TRUMP: I’d like to know -- well, this is what I read written by some of the people in this room. I’d like to know how does he get into Harvard; how does he get into Columbia if he isn’t a good student? It’s an interesting thing.

(END VIDEO CLIP)

SCHIEFFER: Michael Eric Dyson, what -- what was Donald Trump saying there?

MICHAEL ERIC DYSON, GEORGETOWN UNIVERSITY: Well, this is racism by inference. The implication is that Obama is not up to snuff. You know, skepticism about black intelligence and suspicion about black humanity have gone hand in hand, Bob, throughout the history of this country in feeding the perception that black people don’t quite measure up.

Thomas Jefferson, in "Notes on Virginia," was skeptical about the rational capacity of black people. I’m not equating Thomas Jefferson and Donald Trump.

(LAUGHTER)

We don’t have to fear that Donald Trump is the face of the Republican party. Maybe another part of the anatomy might be more correct.

(LAUGHTER)

The problem is that this -- this invidious bigotry -- he’s part of a bigotocracy -- this bigotocrat out there promoting conspiracy theories, half-hearted truths, factual errors. Barack Obama is a magna cum laude graduate of the Harvard Law School. Here he is the editor of the Law Review, unimpeachable intellectual credentials. Now we have a retroactive bigotry that tries to question his very bonafides.

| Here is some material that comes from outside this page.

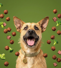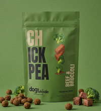 Beef and broccoli isn't just for takeout night anymore — your pup wants in. Our Beef & Broccoli Chickpeas are bite-sized training nibs made with real beef, nutrient-rich broccoli, and fiber-packed upcycled chickpeas. Slowly dehydrated for a satisfying crunch and loaded with protein, vitamins, and natural goodness your dog can taste. No artificial anything, no fillers, no shortcuts — just clean, crunchy little nibs that'll have your pup sitting, shaking, and rolling over on command.
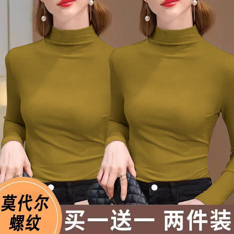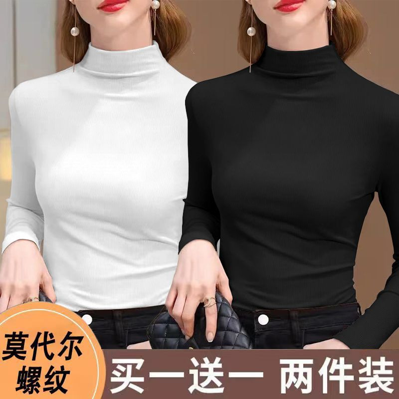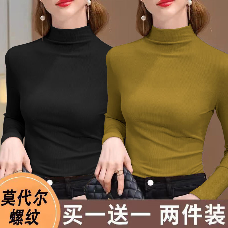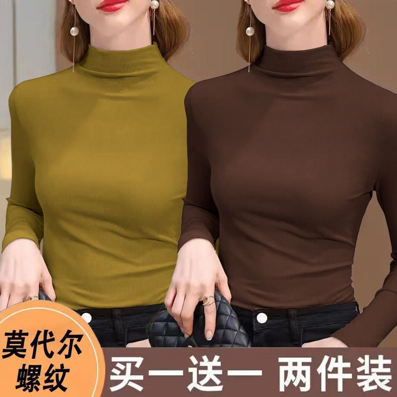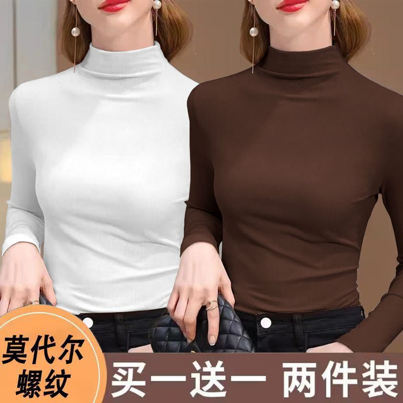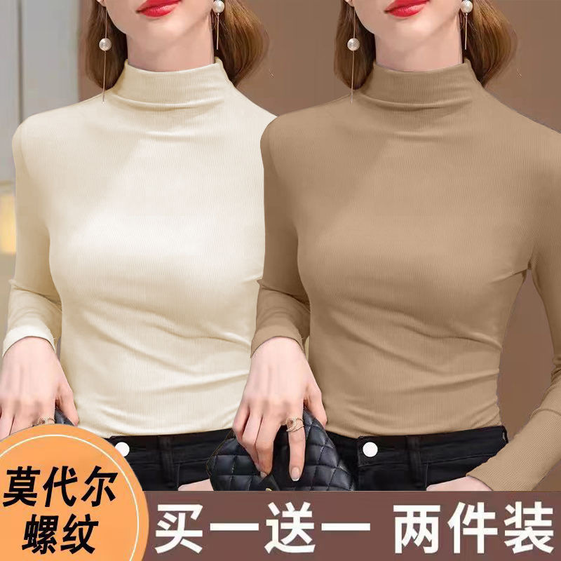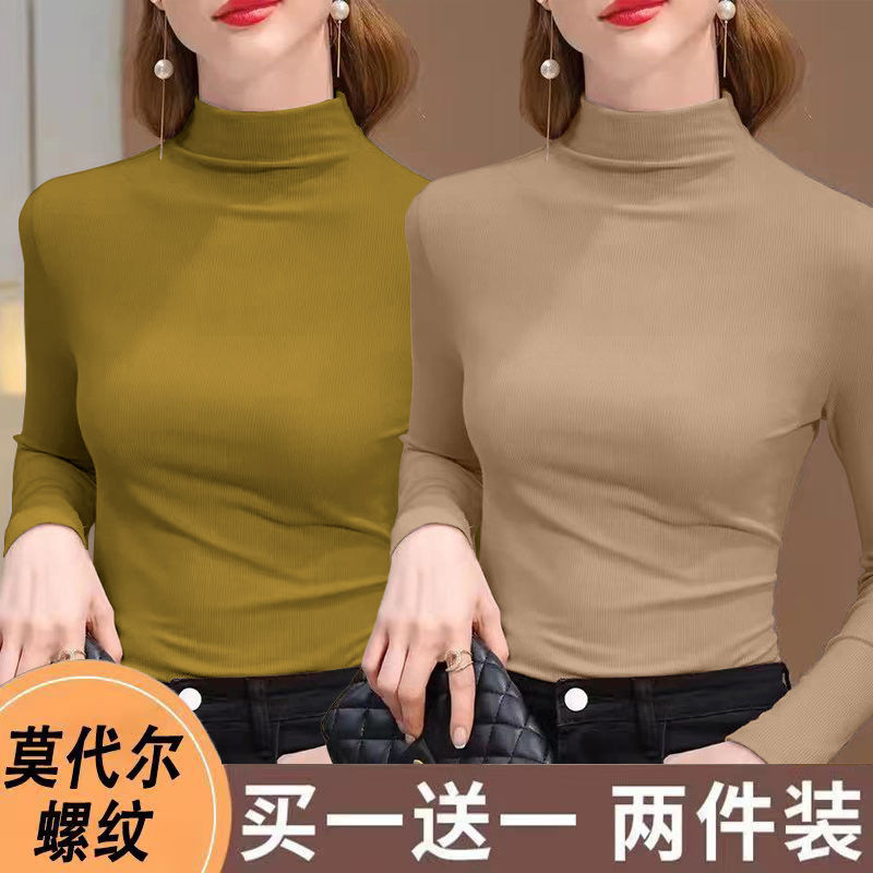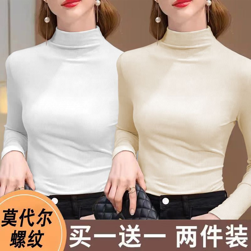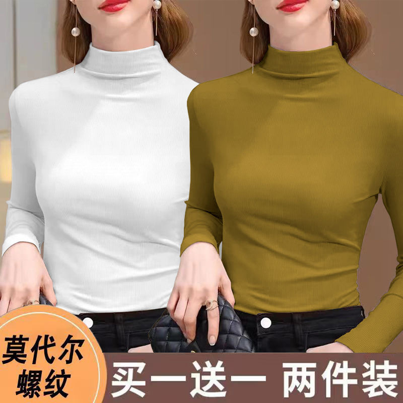 실 반 터틀넥 바닥 셔츠 세련된 서양식 가을과 겨울 슬림 핏 내부 긴 소매 티셔츠 여성용 탑스토어 가기

I think this is just shameful and it’s sad. And unfortunately, Donald Trump has commandeered the bully pulpit. If he is indeed the voice of Republicans, they ought to say so. But if not, they ought to distance themselves from him and suggest that this obsession with the birth of Barack Obama has to be put aside to deal with more serious and sustained issues. But make no mistake; this is part of a racist trajectory.

Having gotten the answer he surely was looking for, Schieffer should have rested his case. Instead, he mistakenly took this issue up with former George W. Bush speechwriter and current Washington Post columnist Michael Gerson who gave a far more reasonable response:

MICHAEL GERSON, WASHINGTON POST: I do think that’s the sub-context here because race is the sub-context of American history. But I would only add to that that the last three presidents have these kinds of conspiracy theories used against them. Bill Clinton was accused of complicity in murder. You know, up to 50% of the Democratic Party, you know, members believed that George Bush was complicit in 9/11.

There is a percentage of the population out there that is so highly polarized that they will believe anything about a president that they disagree with. That’s deeply dangerous. It’s a questioning the legitimacy, not policies. And we’ve seen more and more of this in the last few decades not just in this circumstance.

Indeed, but that's not going to stop Schieffer and his ilk from doing everything in their power to position this as prejudice rather than differing political views thereby making it they that are playing the race card.